Le ministère de l'Intérieur veut mettre "les bouchées doubles" pour lutter contre les suicides de policiers
Christophe Castaner a estimé vendredi que les suicides dans la police n'étaient pas une "fatalité". Le ministre de l'Intérieur a annoncé la création d'une "cellule alerte prévention suicide", alors que les syndicats déplorent la persistance de ce "tabou".

Le ministre de l'Intérieur Christophe Castaner a affirmé, ce vendredi, vouloir accélérer la mise en oeuvre du plan lancé en 2018 par son prédécesseur pour lutter contre les suicides dans la police. Il a annoncé la création d'une "cellule alerte prévention suicide" pour la police nationale, pilotée par Noémie Angel, membre de l'Inspection générale de l'administration (IGA). Cette cellule aura pour mission de porter le plan d'actions et sera également chargée de faire des propositions au ministre.
Un numéro de téléphone dédié, disponible 24h/24, permettra notamment de signaler les risques et de mettre les personnes en souffrance en relation avec des psychologues. Selon le ministre, le suivi psychologique, médical et social "dans la durée" doit être amélioré, par exemple en ce qui concerne les agents revenant de maladie ou d'arrêt de travail.

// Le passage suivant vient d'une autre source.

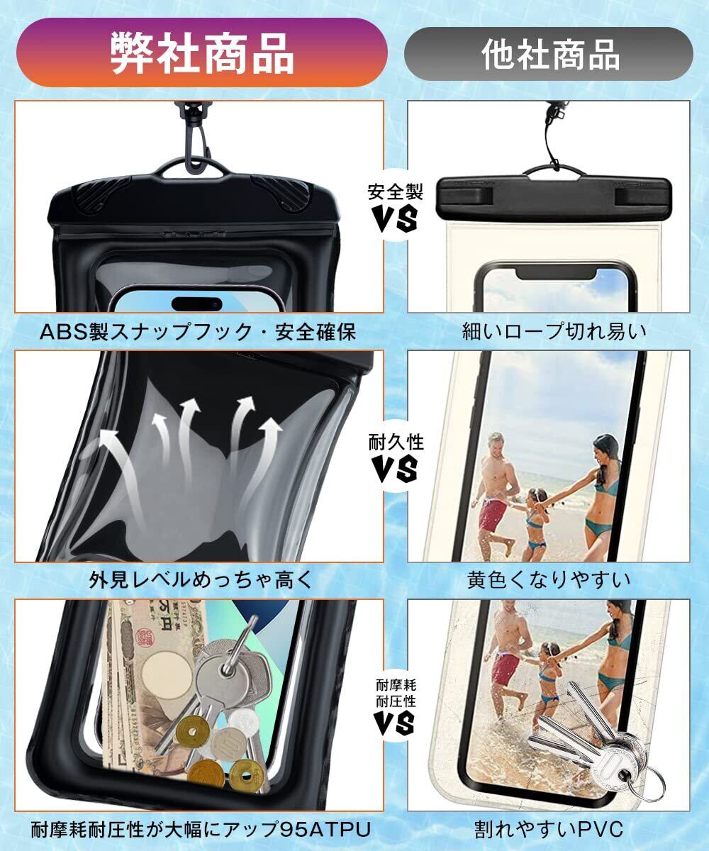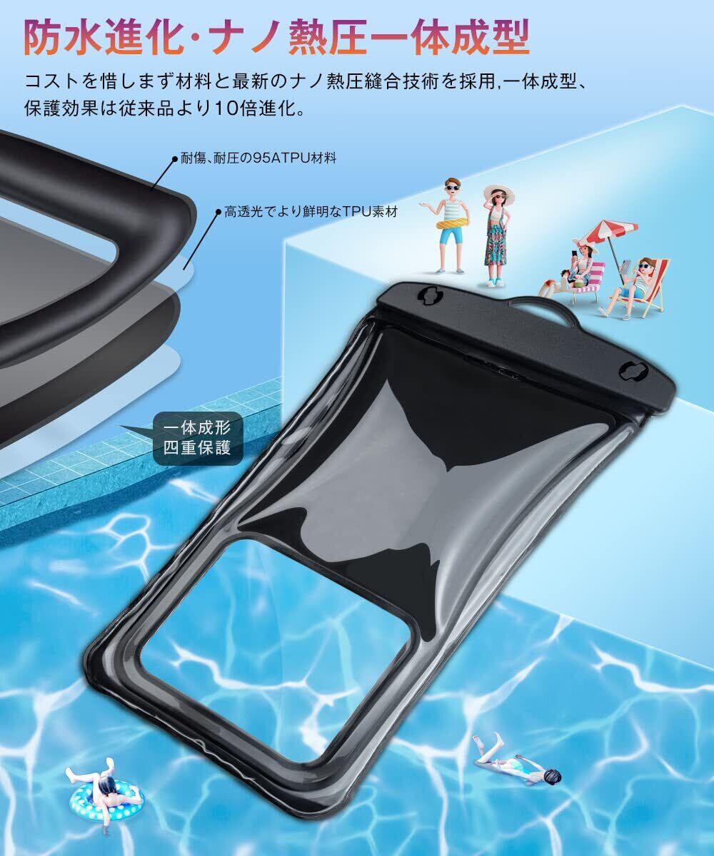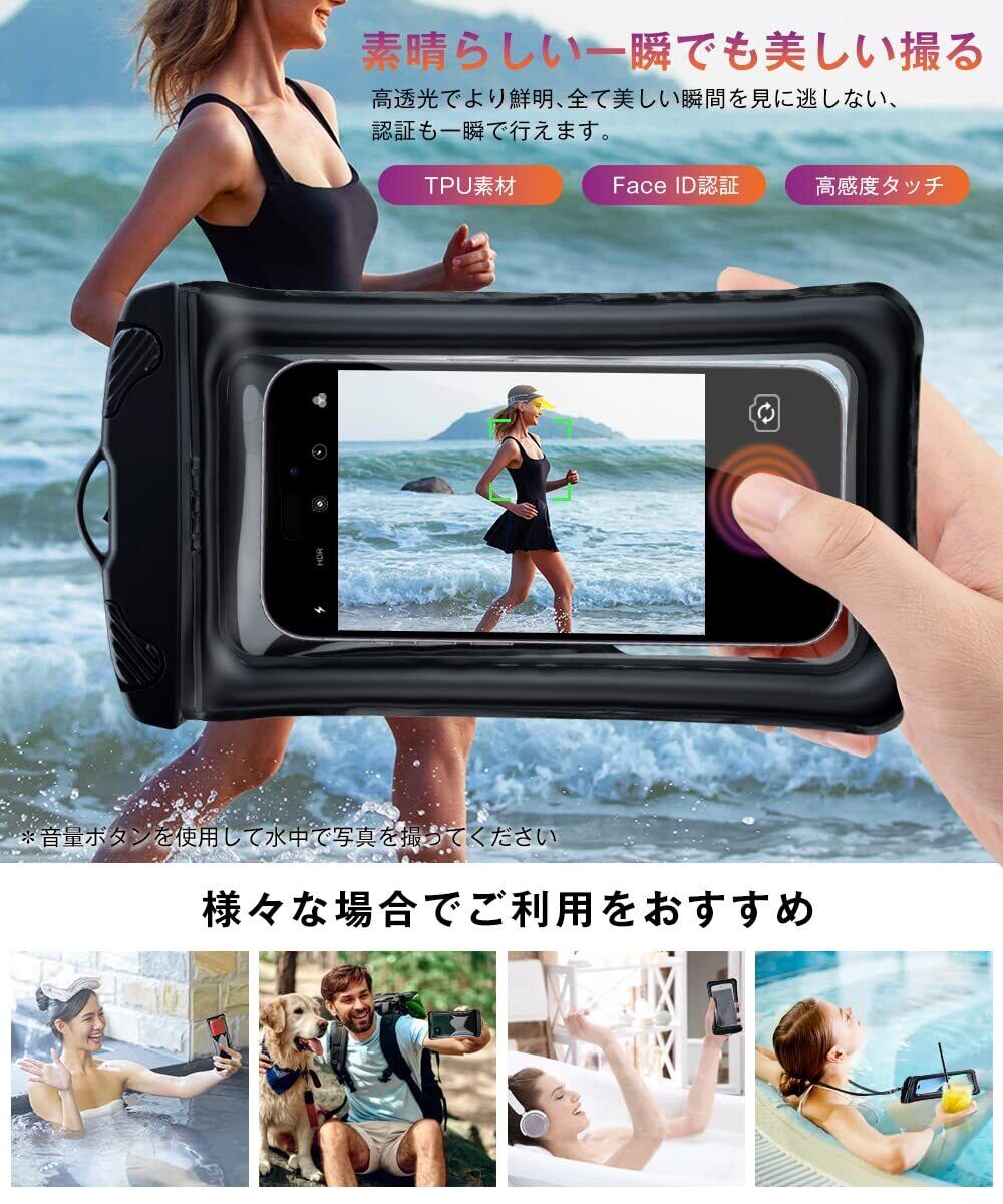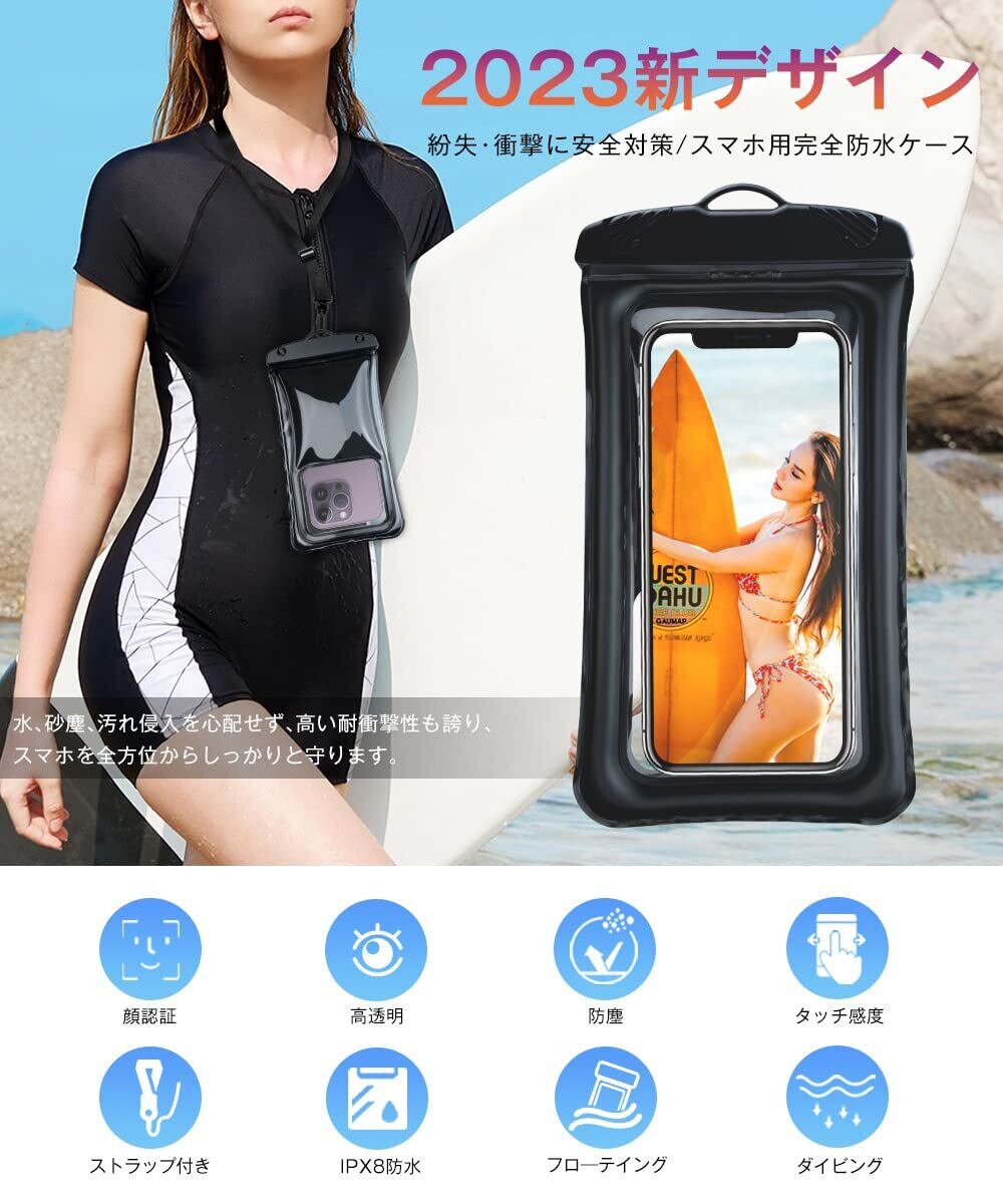 スマホ 防水ケース 水に浮く IP68認証 顔認証 撮影 通話 画面操作 浮き輪 iPhone 14 13 Pro Max 12 11 XR SE Android 7 インチ以下対応 タッチ快適 小物管理 お風呂 海 プール 水泳 温泉など適用 Androidに対応(ブラック)

Remettre de l'humain" - Frédéric Galéa, syndicaliste Alliance
Même son de cloche du côté des syndicats. Il faut "agir en amont, sur les conditions de travail, sur l'organisation du travail, sur le management et réussir à réconcilier vie privée avec vie professionnelle", a affirmé Frédéric Galéa sur franceinfo. Le délégué national chargé des conditions de travail au syndicat Alliance a salué la création de ce nouveau dispositif d'alerte. "Tout ce qui peut permettre de détecter le plus en amont possible ce mal-être, est une bonne chose", a-t-il estimé.

"On prend acte des paroles fortes de monsieur le ministre", a ajouté le syndicaliste, "[...] mais ce qu'on attend aujourd’hui, c'est de remettre de l'humain qui nous manque clairement". "Une hiérarchie défaillante ou un management trop défaillant, trop directif, peut mettre complètement en situation de souffrance toute une unité de police", a-t-il déploré. Conséquence : "beaucoup de policiers" ressentent une perte de sens de leur métier.
Un contexte de plus en plus stressant
Des problématiques de management qui s'ajoutent à la difficulté croissante de la profession. "Quand on n'est pas impacté par le terrorisme, on est impacté par le maintien de l'ordre, ou par une délinquance de plus en plus violente et puis aussi depuis Magnanville et certains actes terroristes, le policier est une cible", souligne Frédéric Galéa, "et l'inquiétude supplémentaire, qui rajoute du stress, c'est qu'il comprend que sa famille peut aussi devenir une cible".
Vingt-quatre policiers et deux gendarmes se sont donné la mort depuis janvier. En 2018, 35 policiers et 33 gendarmes se sont suicidés, selon les chiffres du ministère de l'Intérieur, après une année 2017 déjà marquée par une recrudescence des suicides au sein des forces de l'ordre.